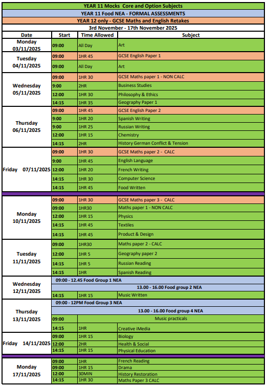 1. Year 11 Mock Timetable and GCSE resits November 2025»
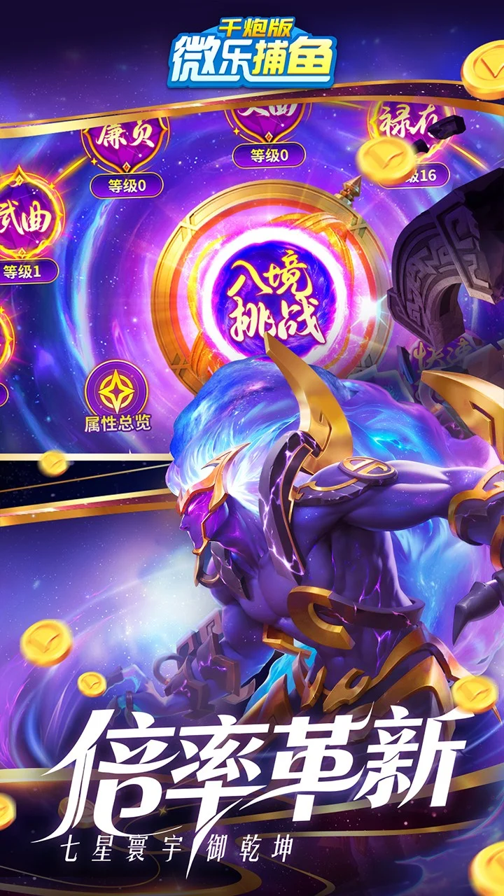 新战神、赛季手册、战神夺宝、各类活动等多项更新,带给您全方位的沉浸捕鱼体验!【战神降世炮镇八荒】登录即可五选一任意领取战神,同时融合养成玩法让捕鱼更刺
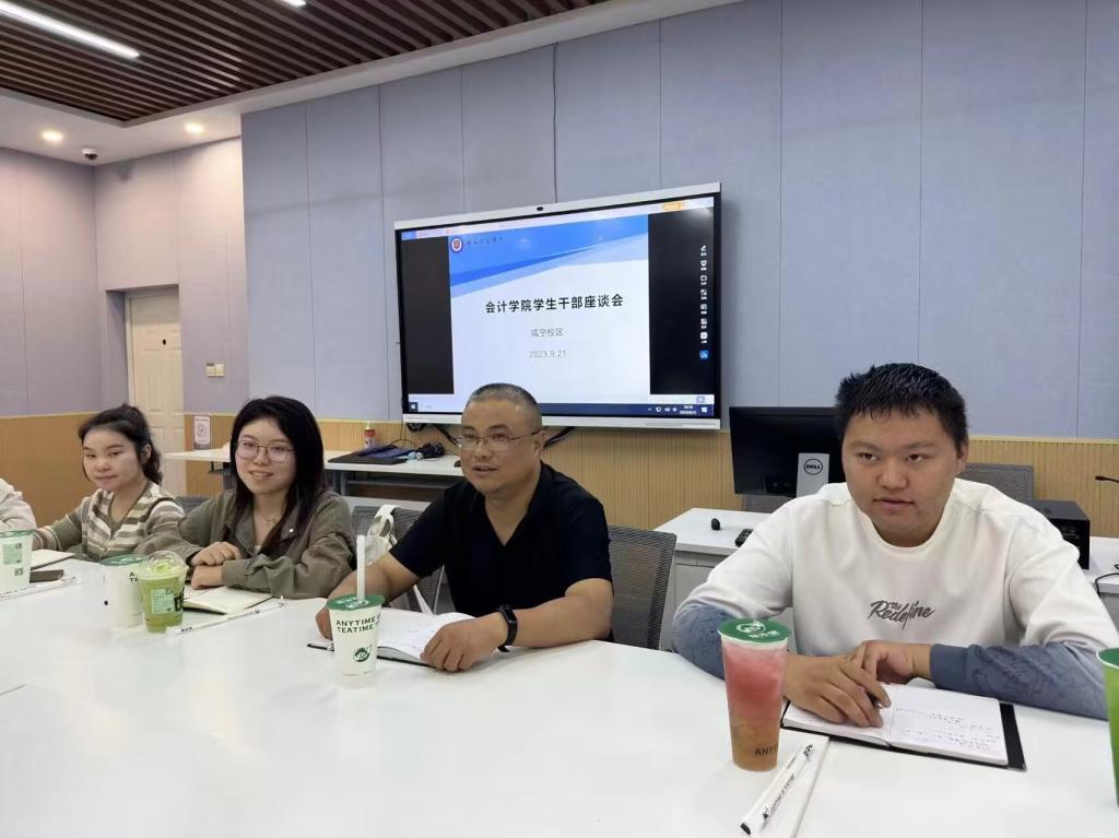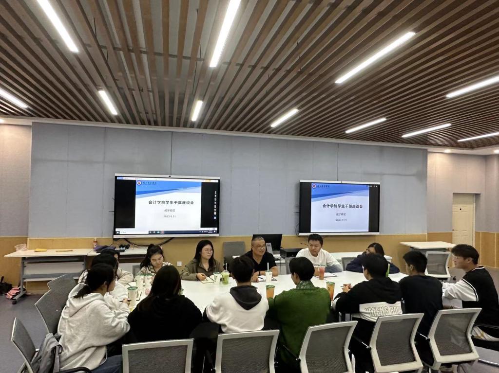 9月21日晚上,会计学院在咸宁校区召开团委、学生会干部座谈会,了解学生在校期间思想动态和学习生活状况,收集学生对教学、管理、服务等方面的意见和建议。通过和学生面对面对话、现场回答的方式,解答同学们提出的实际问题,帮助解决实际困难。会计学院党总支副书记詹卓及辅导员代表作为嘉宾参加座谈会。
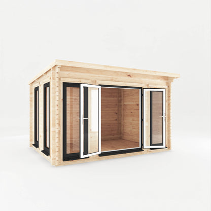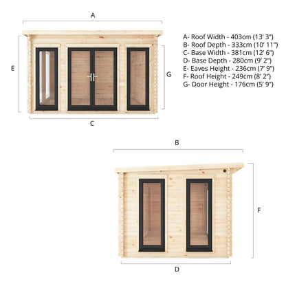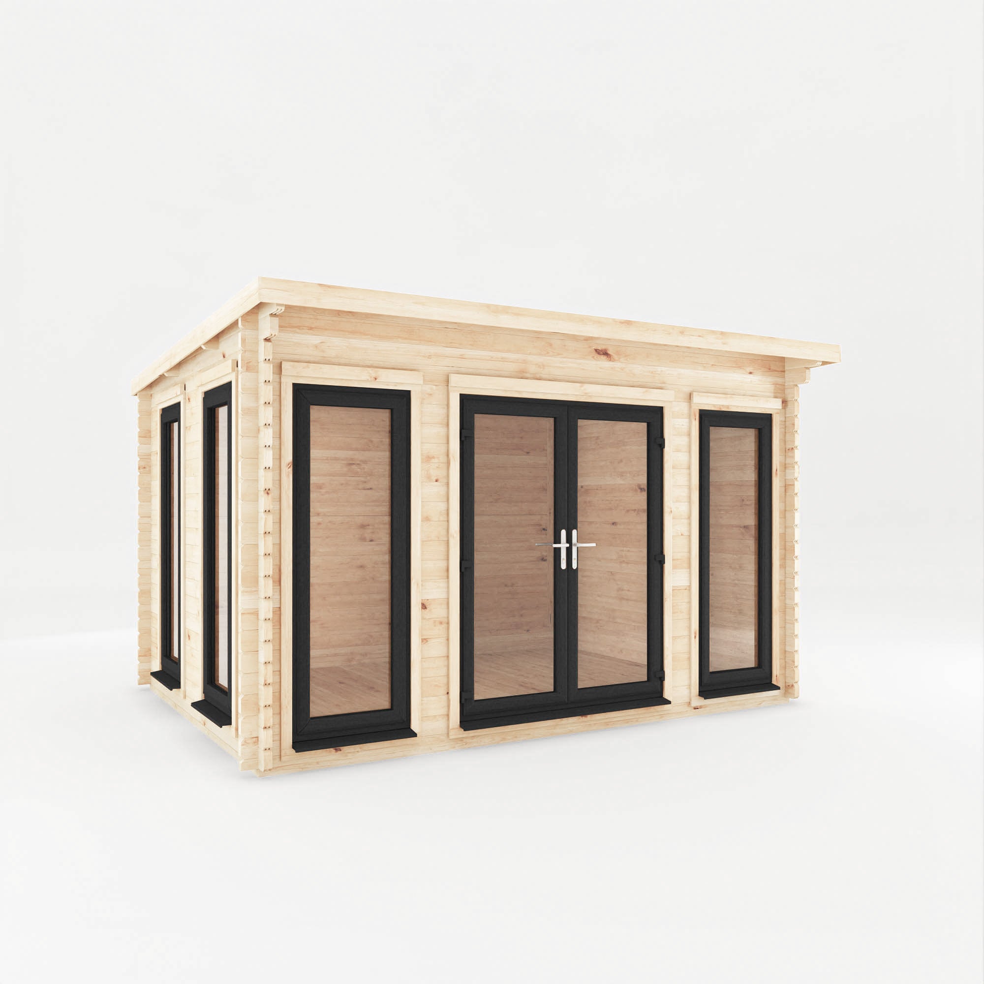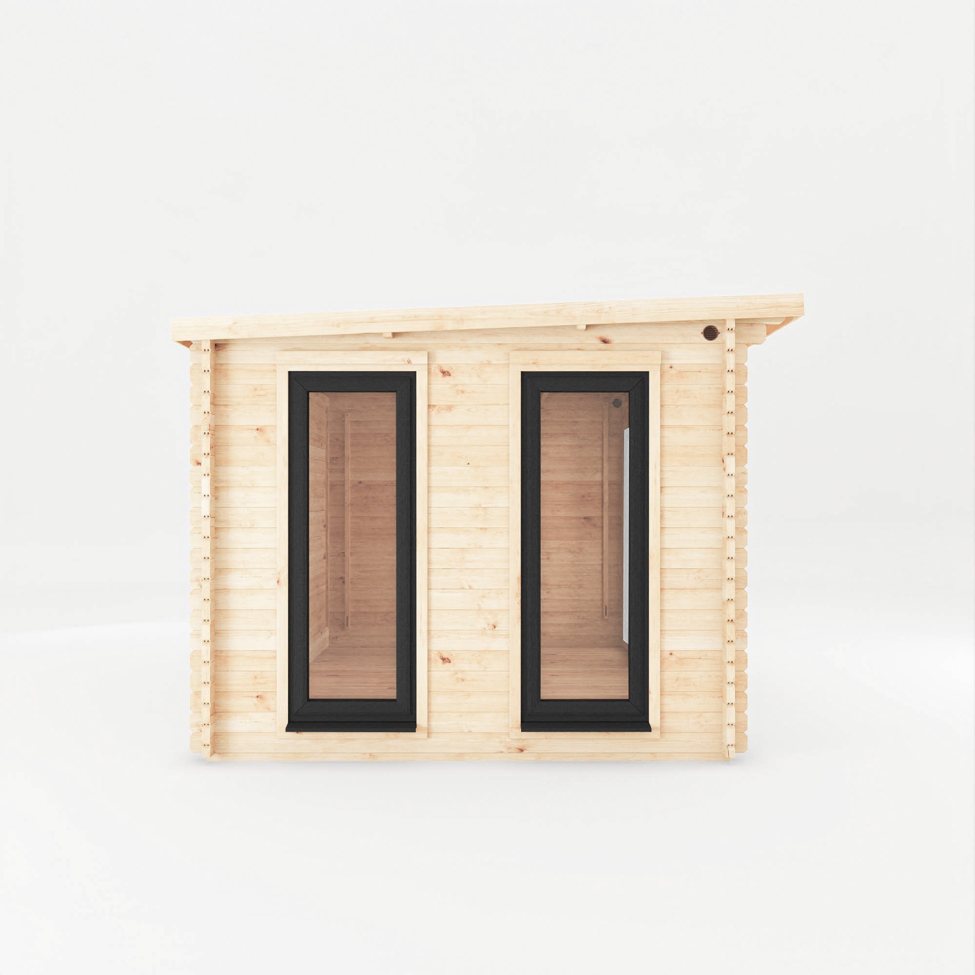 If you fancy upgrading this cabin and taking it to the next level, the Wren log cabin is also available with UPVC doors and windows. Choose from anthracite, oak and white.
########################################
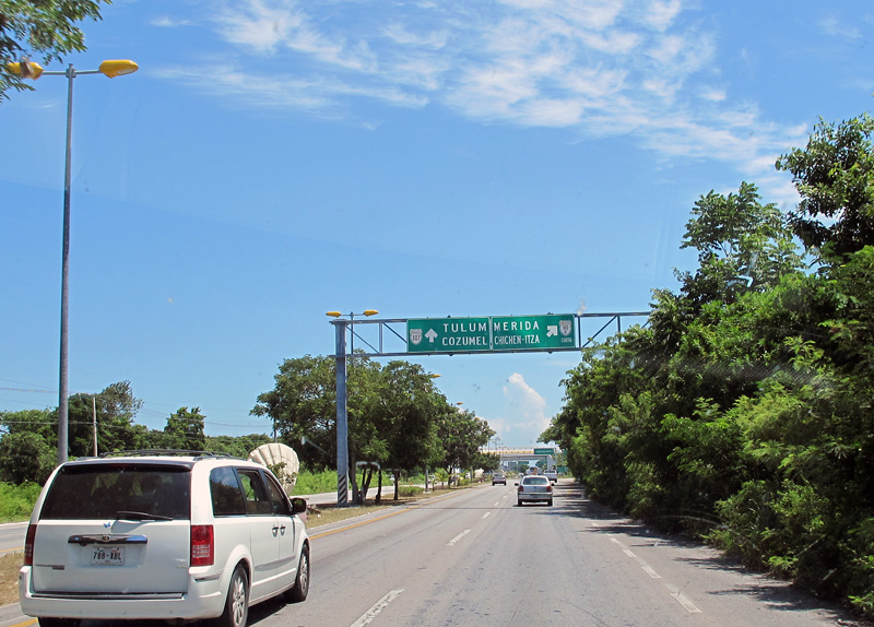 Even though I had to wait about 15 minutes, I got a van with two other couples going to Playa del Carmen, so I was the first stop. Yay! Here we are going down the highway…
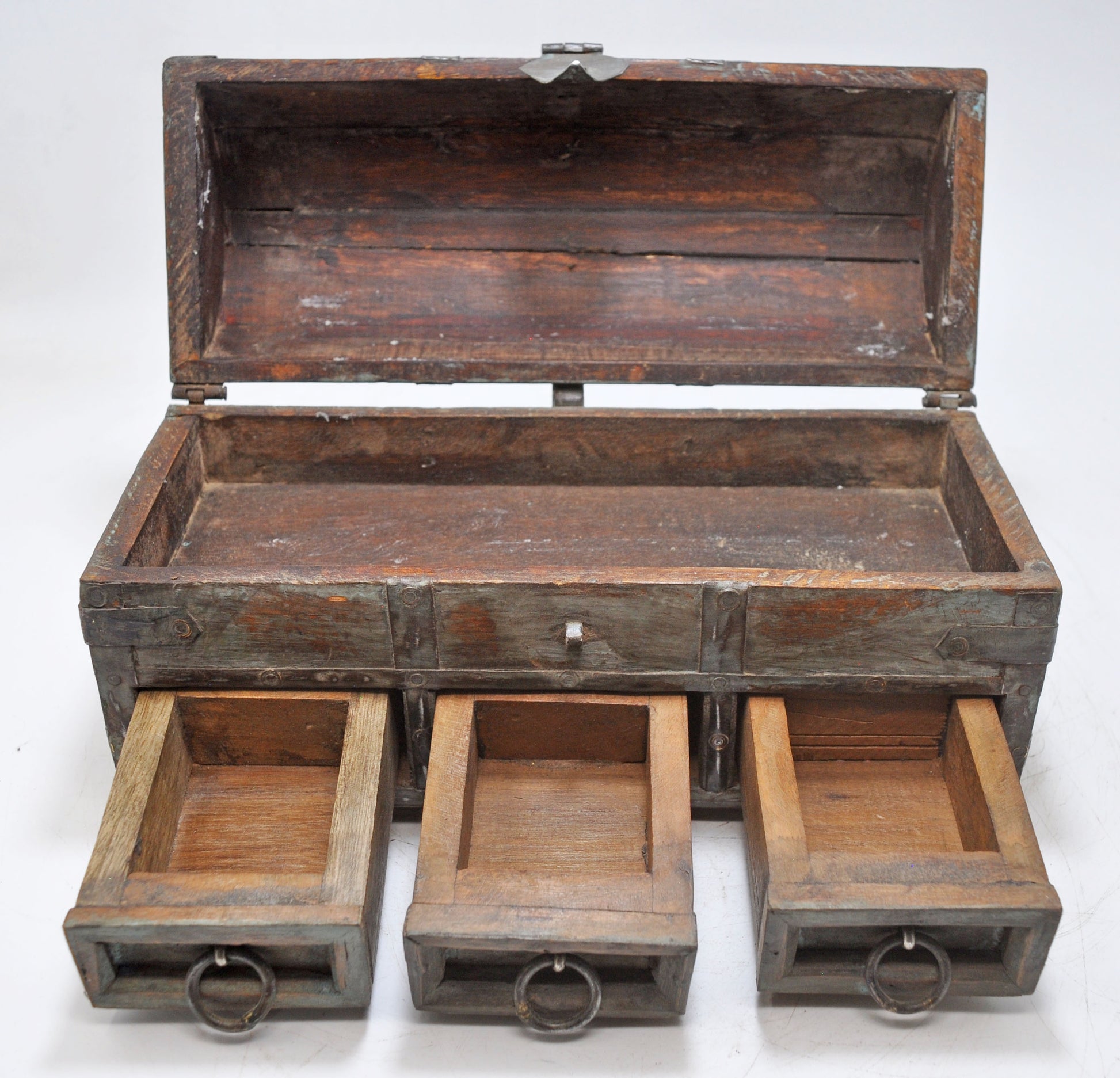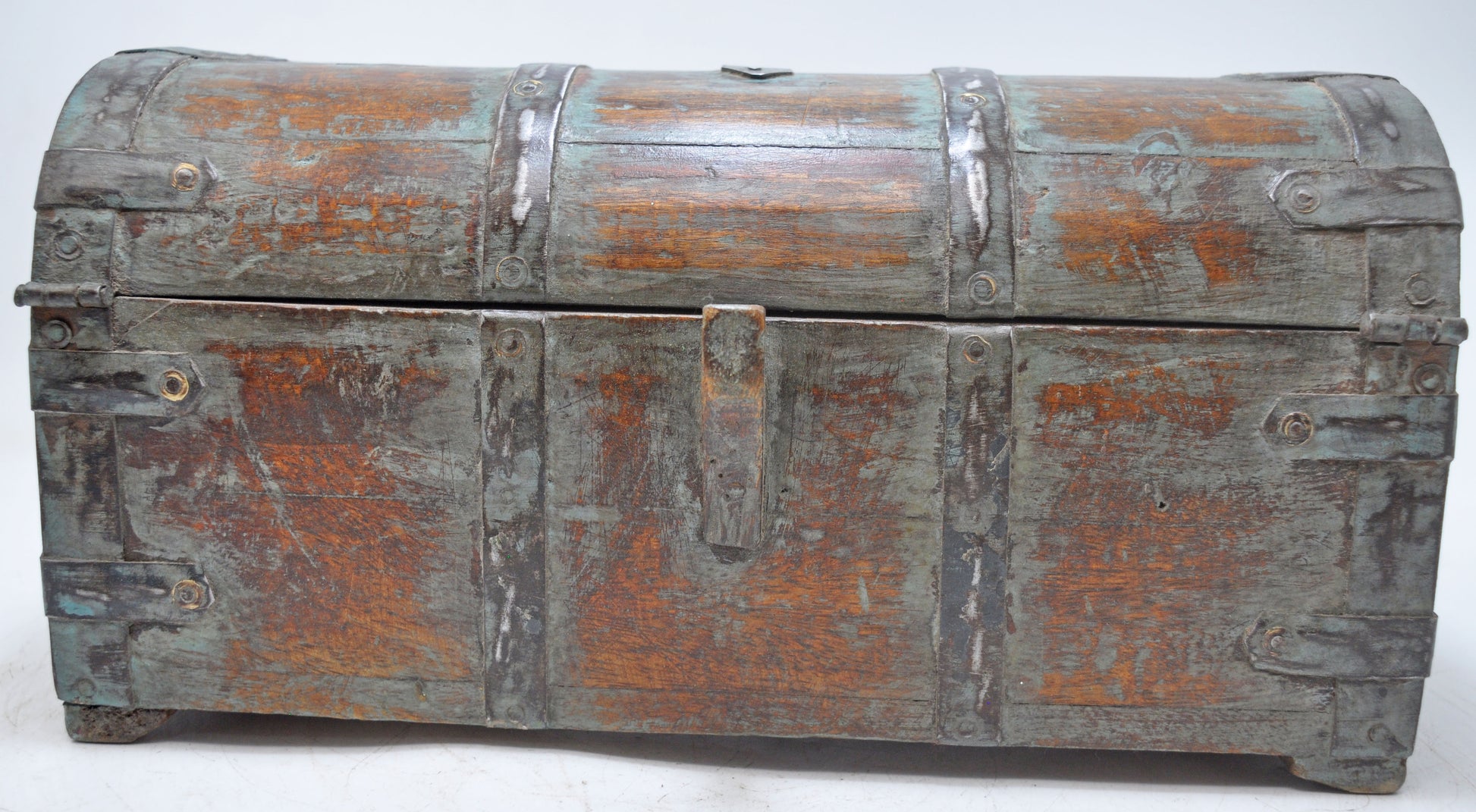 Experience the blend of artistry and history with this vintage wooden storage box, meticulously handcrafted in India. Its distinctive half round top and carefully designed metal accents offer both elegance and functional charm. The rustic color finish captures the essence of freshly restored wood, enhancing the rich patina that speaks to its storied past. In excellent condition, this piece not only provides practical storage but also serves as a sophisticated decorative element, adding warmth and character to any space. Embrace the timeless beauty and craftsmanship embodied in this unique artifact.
########################################
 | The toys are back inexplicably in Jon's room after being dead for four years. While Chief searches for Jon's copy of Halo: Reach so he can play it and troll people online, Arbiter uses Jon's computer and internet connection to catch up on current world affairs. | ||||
########################################
The answer must be the lines above from the one containing "1. Year 11 Mock" through the one containing "If you fancy", reproduced exactly, with no pictures and nothing else.

 1. Year 11 Mock Timetable and GCSE resits November 2025»
 新战神、赛季手册、战神夺宝、各类活动等多项更新,带给您全方位的沉浸捕鱼体验!【战神降世炮镇八荒】登录即可五选一任意领取战神,同时融合养成玩法让捕鱼更刺
 9月21日晚上,会计学院在咸宁校区召开团委、学生会干部座谈会,了解学生在校期间思想动态和学习生活状况,收集学生对教学、管理、服务等方面的意见和建议。通过和学生面对面对话、现场回答的方式,解答同学们提出的实际问题,帮助解决实际困难。会计学院党总支副书记詹卓及辅导员代表作为嘉宾参加座谈会。
 If you fancy upgrading this cabin and taking it to the next level, the Wren log cabin is also available with UPVC doors and windows. Choose from anthracite, oak and white.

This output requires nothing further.